— Товарищ Лавренев! Где Лавренев?
— Я Лавренев, — развернулся Борис. — Что голосишь?
— Товарищ комбат, не признал вас без усов! — посыльный взял фуражку на правый локоть, вытянулся и щелкнул каблуками:
— Убили, значит, Фердинанда-то нашего. Два дня назад осколок в рубку прошел. И Фердинанда Карловича, и начарта, Яна-латыша. Товарищ Лавренев, экипаж бепо “Мордор" вас на командование выдвинул, а штабарм сегодня утвердил. Экипаж меня направил делегатом. Узнать, как ваше здоровье и когда сможете вступить в командование? А то пришлют кого из Москвы, не приводи господь, золотопогонника.
— Я и сам бывший золотопогонник, не забыл?
Посыльный — квадратный, усатый, с темным южным лицом, в мелких крапинках от близко горевшего пороха — переступил с ноги на ногу, огладил серую шинель с черными застежками— “разговорами":
— Вы золотопогонник бывший, а то же пришлют будущего, понимаете?
— Ну добро. Видишь, уже хожу, хоть и с палкой. Проводи к доктору, спросим, когда меня выписать можно... Товарищ комиссар, тут все?
— Протокол заседания партийной тройки подпишите, — вздохнул чекист, поворачиваясь уже к своему вошедшему бойцу. — Поручик, вот вам принесли конверт. Подписывайте, заклеивайте и давайте сюда. Мы через азовских контрабандистов передадим, не первый раз...
Вениамин вложил отчаянно сумбурное письмо в конверт, надписал несложный адрес — “на деревню девушке", право слово! — закрыл клапан. Как до войны, сейчас еще марки купить предложат.
Чекист нагрел на спичке сургучную палочку, заклеил письмо тугой пахучей каплей, в которую с очевидным ехидством вбил штамп: “Особый Отдел 1 К.А. Р.С.Ф.С.Р", после чего смахнул письмо в открытый верхний ящик стола.
— Боец, поручика ведите на пересылку. Товарищ Лавренев, протокол подписали? Освобождайте канцелярию, и так дышать нечем.
Вышли на воздух; Веньку отвели к таким же оборванцам из ДобрАрмии, где знакомых не нашлось. Когда красноармейцы откопали его под завалами, погоны золотые сорвали, с откровенной злобой выкинули в лужу. Но положенное число звездочек нарисовали прямо на ткани черным химическим карандашом, приговаривая: “Начнешь бузить, ножом вырежем". Контуженный Венька ничего тогда не запомнил, а вспомнил угрозу только сейчас. У заговорившего с ним штабс-капитана выжженые на коже звездочки просвечивали сквозь дыры ветхой гимнастерки. Рослый, слегка сутулящийся, как все сильные люди, штабс-капитан с нечесаной пшеничного цвета гривой и такими же “панскими" усами, спросил:
— Откуда, поручик?
— Слащев.
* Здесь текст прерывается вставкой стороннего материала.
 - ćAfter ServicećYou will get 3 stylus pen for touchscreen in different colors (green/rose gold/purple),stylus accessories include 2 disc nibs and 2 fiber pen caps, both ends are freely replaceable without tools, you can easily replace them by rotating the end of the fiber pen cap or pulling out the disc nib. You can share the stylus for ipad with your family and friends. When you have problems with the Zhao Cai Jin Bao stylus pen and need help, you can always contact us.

Кременчуг, — успел сказать Венька. Тут же конвойный ткнул его без особой злобы кулаком под лопатку:
— Разговоры отставить! Сесть!
Штабс подвинулся, и Венька уселся на сырое бревно, кутаясь в обрывки кителя. Ветер тянул на удивление теплый. Неужели весна? Сколько же он провалялся?
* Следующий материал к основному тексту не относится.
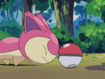 En el episodio Una fan con un plan/Un admirador con un plan ‹№› May/Aura estaba entrenando combinaciones de concurso junto a Skitty y sus demás Pokémon, pero no parecía irle bien. Skitty observa con admiración el entrenamiento del Masquerain de Drew.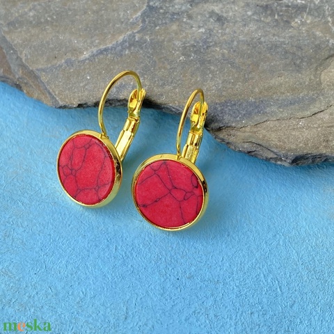 Piros festett howlit fülbevaló - 12mm-es nemesacél franciakapcsos alapban

А, плевать. Главное — он все-таки написал письмо. Странные люди большевики. Убить готовы, руки не подают, но письмо доставить согласны... Война войной, а жизнь...
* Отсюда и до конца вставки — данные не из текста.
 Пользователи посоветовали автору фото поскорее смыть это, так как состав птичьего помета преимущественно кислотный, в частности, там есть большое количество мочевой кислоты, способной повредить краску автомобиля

Венька не запомнил, когда пришли подводы. Пленников покормили жидко сваренным пшеном. Все так же без лишней злобы распихали по двое-четверо на телегу. Ленивые тычки конвоя подсказали Веньке, что красные побеждают, а от побед радостные, и вымещать на пленниках злобу им не нужно.
На телеге Вениамин оказался с тем самым штабс-капитаном, и первое, что спросил клейменый:
— Поручик, вы давали слово не убегать?
— У меня и не спрашивали, — удивился Венька. — Да и куда тут по зиме, я даже числа не знаю. Провалялся контуженным бог весть, сколько. Где фронт, не знаю. Где юг, по солнцу видно, только у нас одежонка не для зимней ночи.
— Оно и понятно, — прошептал капитан, — это нарочно так устроено. Скажите, в случае возможности... Я могу на вас полагаться?
Вениамин задумался. В самом-то деле, большевики ни подписку не потребовали, ни устным обещанием не заручились.
— Господин штабс-капитан, вы мне хоть как обстановку обрисуйте. Не буду я вслепую решать.
— Что тут решать, поручик! Драться надо! Иначе нас большевички запроторят на такую каторгу, что Нерчинск раем покажется. Эти... — штабс презрительно махнул рукой на попутчиков, — уже сдались. Вот увидите, через неделю или две они в красную армию запросятся.
— И что, их так вот запросто примут?
Штабс пожевал растрескавшимися губами:
— А что не принять? Война гражданская. Много людей на обеих сторонах отметились. Главное, где кормят.
Пользуясь тем, что возница — мобилизованый селянин — разговаривать не мешал, штабс-капитан начал рассказывать о ходе войны:
— Врангель заперт вокруг Канева. Он там окопался знатно, краснюки его так и не взяли. Улагай и Дикая Дивизия с остатками казаков Мамантова сидят южнее, в Кременчуге. Но вокруг Канева и Кременчуга повсюду “зеленые", это люди атамана Григорьева. Ходит слух, что самого Григорьева этот Махно зарубил, говорят — царскую дочь не поделили. Но все слухи, достоверного ничего. Я служил у Врангеля в шестом драгунском полку, григорьевскую мелочь мы гоняли в хвост и гриву. Месяц назад большевики взяли Киев. Только черт знает, как им это удалось. Опять же, поговаривают, что Махно предал Григорьева и сдал Киев краснопузым, и это сделали даже два месяца тому, под Рождество, а только сейчас объявили открыто... Словом, северная Украина теперь вся красная.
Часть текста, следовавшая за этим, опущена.